Microsoft could do a better job communicating this, but I don’t think any of their design decisions are bad in this regard.

[yencabulator]

In which case it sounds like the Windows tools for configuring things should configure HyperV's networking too.

You know, just like the software inside the Windows VM can launch a separate Linux VM; you're already controlling HyperV from inside that VM.

[OJFord]

So this is also an issue (by which I mean something to be aware of, that I think most aren't) with Linux docker containers on Windows/macOS?

It makes perfect sense now you say it - I knew hyper-v was a hypervisor, I knew in basic broad strokes what a hypervisor is and where it sits, but for some reason this didn't occur to me.

It could be very alarming to people running containers 'on a Windows' server, but then such people are probably more familiar with hypervisors anyway.

Is hyper-v networking still somehow configurable from the 'host', or is it undesirable for containers unless you don't want to do anything to the network (in software on that machine)?

[im3w1l]

So WSL1 is reverse wine basically?

[pjmlp]

Nope, WSL 1 uses pico processes, a technology based on Drawbridge research.

https://www.microsoft.com/en-us/research/project/drawbridge/

https://docs.microsoft.com/en-us/archive/blogs/wsl/windows-s...

https://channel9.msdn.com/Blogs/Seth-Juarez/Windows-Subsyste...

It is a bit more advanced than Wine, with first class support from NT kernel.

Whereas WSL 2 uses Hyper-V, which is a type 1 hypervisor, all OSes run as guest, including Windows itself.

[apetresc]

Not _exactly_, but it's a pretty close analogy. Certainly moreso than WSL2 is.

[buran77]

As far as I know this is how Hyper-V worked since at least Windows 8(.1?). Installing the role would relegate the Windows OS to guest VM status, albeit with more privileges than any other VM.
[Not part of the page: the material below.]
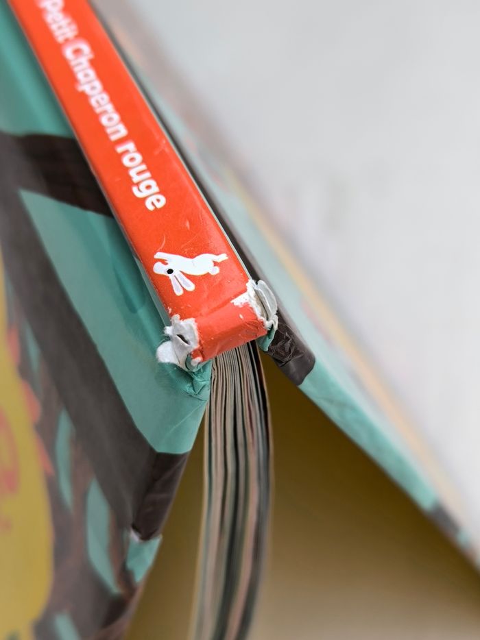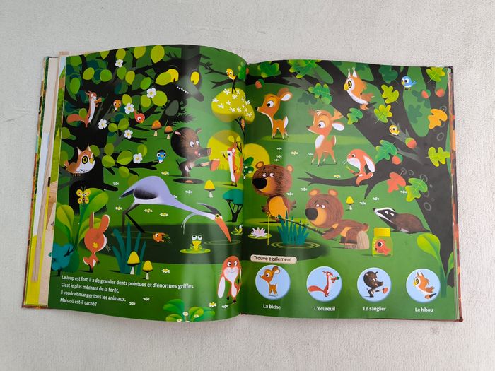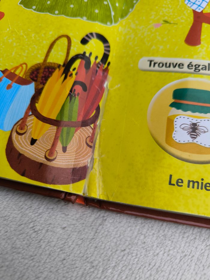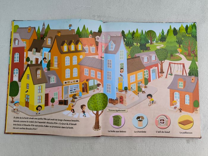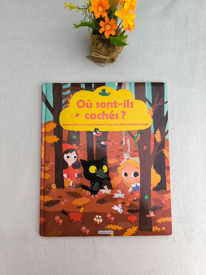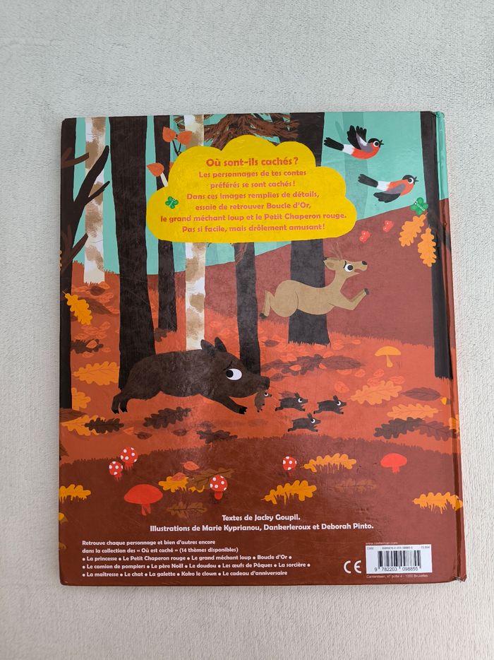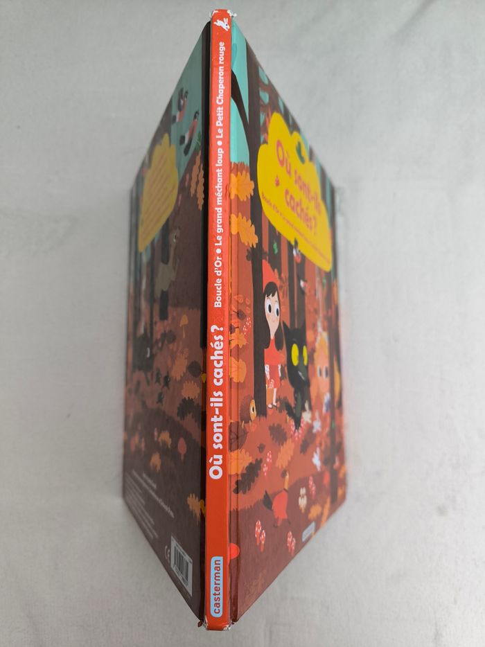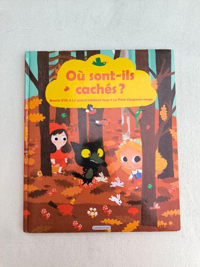 Livre Cherche et trouve des contes : Où sont-ils cachés ? Éditions Casterman • Histoires -> Boucle d'Or -> Le grand méchant loup -> Le Petit chaperon rouge • Une page scotchée • Coins abîmés En bon état #evelyne_livres

Microsoft should make it more obvious since most Windows 10 users shouldn't be expected to make this distinction by themselves.

[zokier]

> Everything is running on Windows. The VM runs on Windows

As far as I understand, that is not quite right. With WSL2, everything is running on Hyper-V, the VM and Windows both run in parallel on Hyper-V.

[rbanffy]

Wow! Just installing WSL-2 makes such a fundamental change to how Windows itself runs?

[ahoka]

Enabling hyper-v does.

[andrewflnr]

> If you want Linux to use a firewall then install one into it

Granted, I don't know much about WSL, but that's a very surprising model to me. I would naively assume that anything in userspace is controlled by the Windows OS-level firewall, not that Linux gets to emit raw packets. To say the least, I'm a little more hesitant than you are to call that reasonable.

[smw]

As mentioned other places int the article, in the WSL2 model, Linux is running under a Hyper-V hypervisor, and isn't in user space.

[donor20]

Huh - you want linux distributions to have to play with the windows firewall rules? You want windows firewall getting messed up by linux containers?

These VPN authors are just idiots - let's stop over complicating things. Half the time people LIKE that they can use linux firewall features on their linux hosts for stuff.

[MiroF]

No, I'm pretty sure that is the exact opposite of what they are saying.

Maybe work on your reading comprehension?

[donor20]

Here is what they say is the "leak"

"How it leaks

WSL2 uses Hyper-V virtual networking and therein lies the problem. The Hyper-V Virtual Ethernet Adapter passes traffic to and from guests without letting the host’s firewall inspect the packets"

So they are complaining that the linux subsystem and distribution packets are not processed by the windows firewall. I don't know what to tell you, but the idea that the windows firewall should be in the mix on a fedora distro seems a bit rediculous?

[MiroF]

You didn't reply to the article directly, you replied to a comment on the article - one that was making the exact point that you are repeating.

[donor20]

I thought they were saying microsoft needs to document this third party software behavior. Definitely the VPN folks should document this.